A master lease in a Delaware Statutory Trust (DST) is a lease agreement between the DST and a master tenant. The master tenant is responsible for managing and operating the property, and the master tenant also sublets the property to individual tenants. This arrangement allows the Delaware Statutory Trust to avoid the hassles of having to directly manage properties held under trust.
In a DST, the Trustee is prohibited from entering into new lease agreements or renegotiating existing lease terms. Oftentimes, when the DST is formed, the trust enters into a master lease agreement. Under a master lease agreement, the entire property is leased to one master tenant, which may be a subsidiary of the DST Sponsor.
Delaware Statutory Trust master leases are typically structured for longer terms – 10 to 15 years – and may contain multiple options for lease extensions. A master lease in a DST typically requires the master tenant to assume responsibility for all property operating expenses and capital expenditures. Most importantly, though, the master lease arrangement allows the master tenant to sublease space to additional end-user tenants of the property. The master tenant also is free to enter into property management contracts and sub-management arrangements.

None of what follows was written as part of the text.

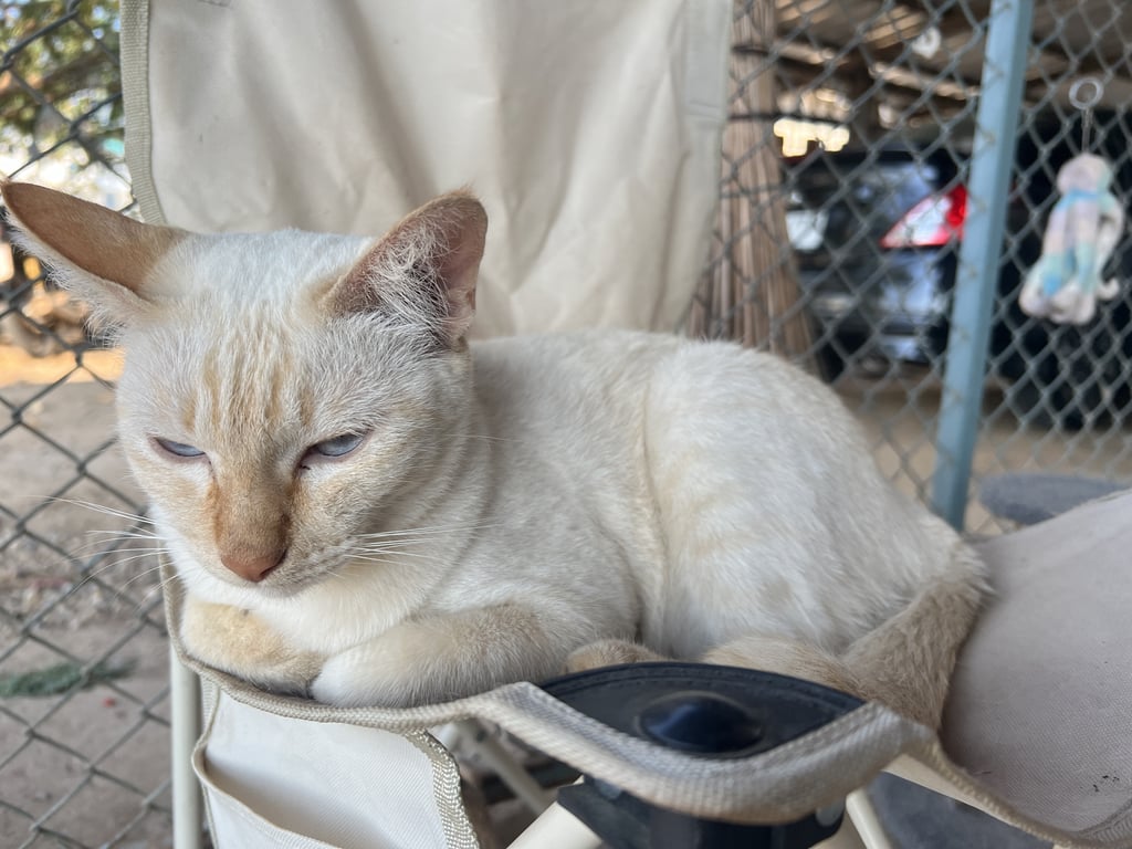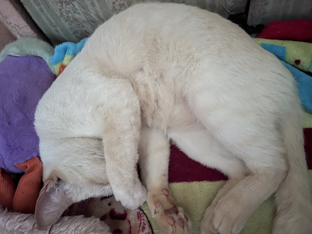 รอยตำหนิ: สีขาวทั้งตัว หางจะสีครีมๆ หางไม่ยาวมาก ขนปุย

This agreement precludes the DST Trustee from having to make operating decisions for the property, since doing so could jeopardize the tax-deferred status of the trust’s beneficiaries. A master lease agreement is deemed to be a true lease rather than a form of financing or a partnership. The master tenant must make lease payments to the DST. Lease payments are typically structured to equal the required debt service payments, plus a stated return for trust beneficiaries.
Master lease arrangements are quite familiar to many DST Sponsors. They allow the master tenant to engage in leasing activity for properties held under trust and also to manage those properties while ensuring the DST remains in compliance with strict tax regulations.